Versi terbaru juga dilengkapi layar pada lensa kanan. Layar tersebut memungkinkan pengguna membaca pesan, menerjemahkan percakapan, hingga melihat peta tanpa perlu mengeluarkan smartphone. Kemampuan merekam video secara langsung dari kacamata inilah yang kemudian memunculkan kekhawatiran di tempat-tempat yang melarang aktivitas perekaman.
Sejumlah Tempat Mulai Membatasi
Kekhawatiran terhadap penggunaan kacamata pintar tidak hanya muncul di bioskop. Sejumlah teater, pub, dan restoran di Inggris juga mulai mengambil sikap seiring meningkatnya popularitas teknologi tersebut.
Salah satu jaringan pub terbesar di Inggris, Wetherspoons, telah menerapkan larangan efektif dengan tidak mengizinkan pengunjung merekam menggunakan kacamata pintar di dalam pub mereka. Sementara itu, ATG Theatres, operator sejumlah gedung pertunjukan seperti Edinburgh Playhouse dan Bristol Hippodrome, juga akan melarang pengunjung merekam menggunakan kacamata tersebut.
Larangan serupa bahkan berlaku di lingkungan pengadilan.

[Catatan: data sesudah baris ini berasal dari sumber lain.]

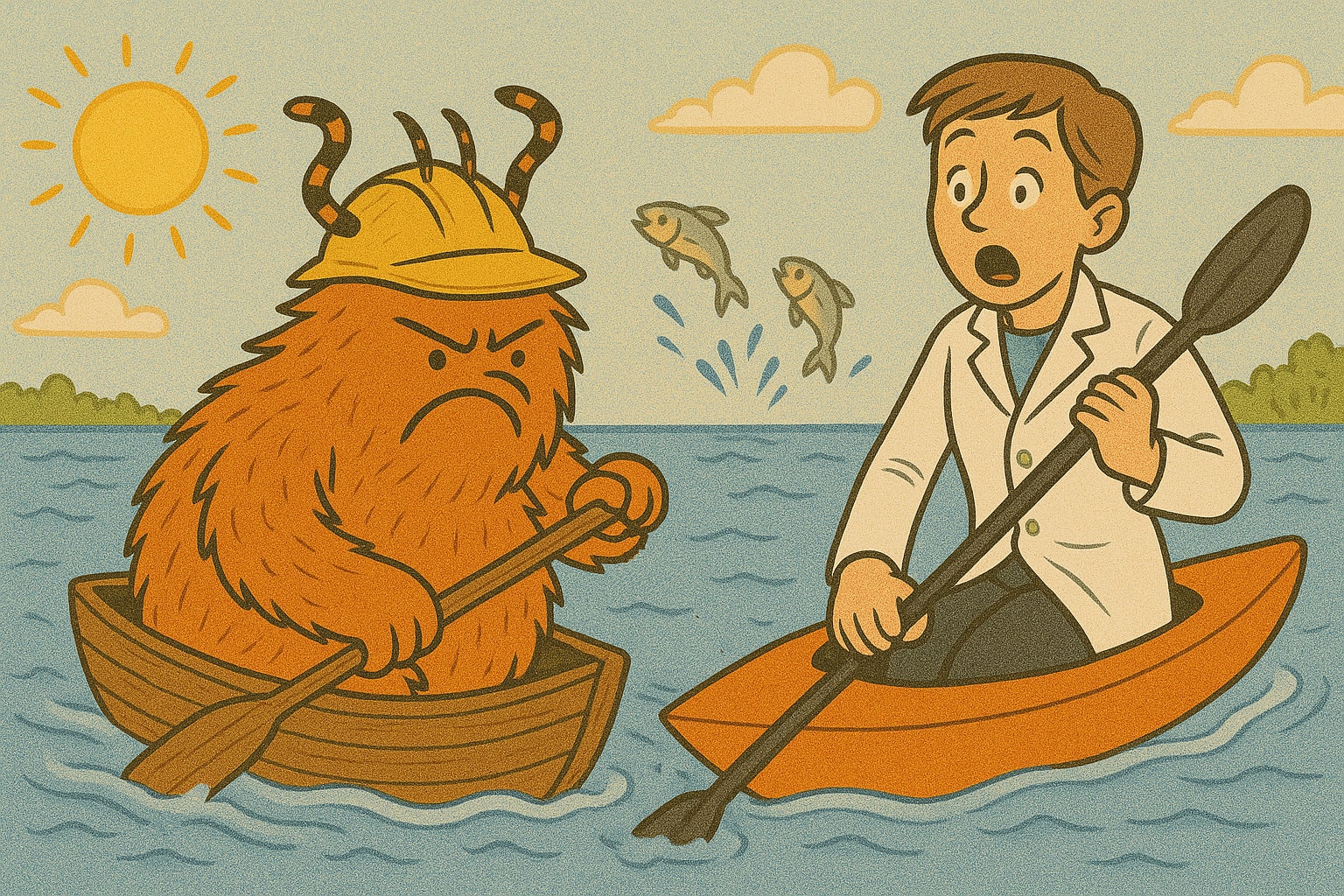A Snaw thinks something is true, even if it's really just a guess. [But/now] a scientist checks the things they believe. On a lake, a scientist's boat crashed into a Snaw's.

Dilansir The Guardian, His Majesty's Courts and Tribunals Service mengatakan bahwa penggunaan kacamata Meta dilarang karena adanya aturan yang membatasi pengambilan foto dan video di dalam pengadilan maupun tribunal.

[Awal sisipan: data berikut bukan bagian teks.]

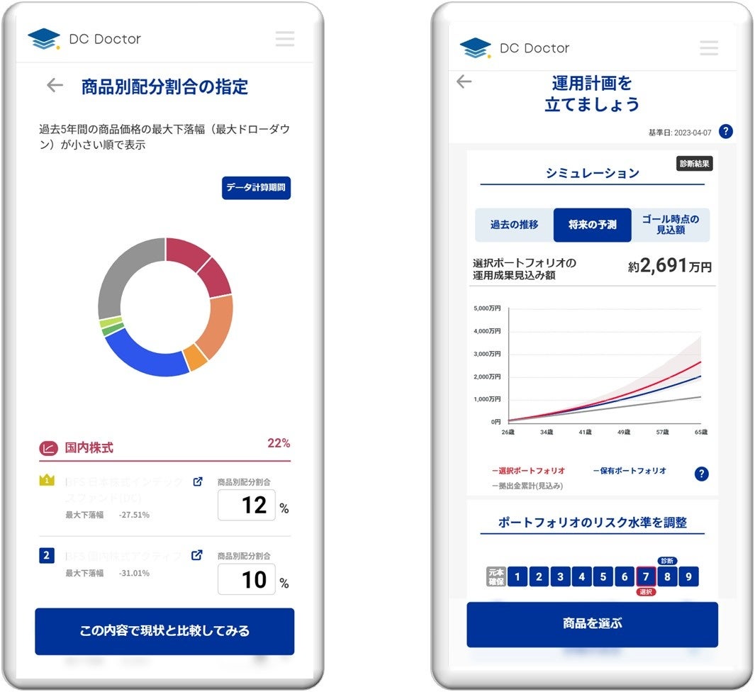 お客さまのリスク許容度や運用期間を基にしたポートフォリオ提案から掛金の配分設定や保有資産のリバランスの際の運用商品選びのサポート、将来予測の比較など、長期にわたるiDeCoでの資産形成を全面的にバックアップする多様な機能を搭載しています。

Meta membela penggunaan kacamata pintarnya dengan menyoroti manfaat perangkat tersebut bagi penyandang gangguan penglihatan. Juru bicara Meta mengatakan kacamata tersebut menghadirkan teknologi baru yang penting bagi komunitas tunanetra dan orang dengan gangguan penglihatan.
"Pembatasan terhadap cara orang menggunakan teknologi ini akan menjadi langkah mundur yang besar," kata Meta.

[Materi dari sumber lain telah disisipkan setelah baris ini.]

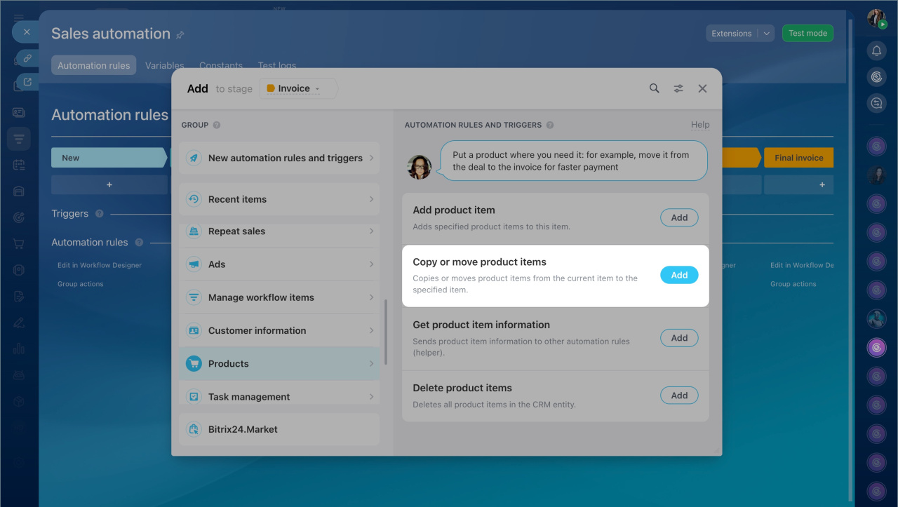 Let's check how the automation rule worked. When the deal reached the certain stage, the automation rule copies the product to the form of the new deal.

Perusahaan tersebut mengakui bahwa ada tempat-tempat tertentu yang memang tidak seharusnya direkam.
"Secara alami, ada tempat-tempat yang memang sama sekali tidak boleh direkam, dan itu masuk akal. Namun, aturan harus diterapkan secara konsisten," ujar juru bicara Meta.
Meta juga menegaskan bahwa kacamata mereka memiliki lampu indikator yang menyala ketika foto atau video direkam. Fitur tersebut, menurut Meta, memungkinkan orang di sekitar mengetahui bahwa kamera sedang digunakan.
"Hal itu tidak dimiliki smartphone dan kamera lainnya," kata Meta.
Bagi industri bioskop, persoalannya kini bukan sekadar apakah kacamata pintar dapat merekam film, tetapi juga bagaimana menyeimbangkan perlindungan hak cipta dan privasi dengan aksesibilitas teknologi bagi penonton yang membutuhkan.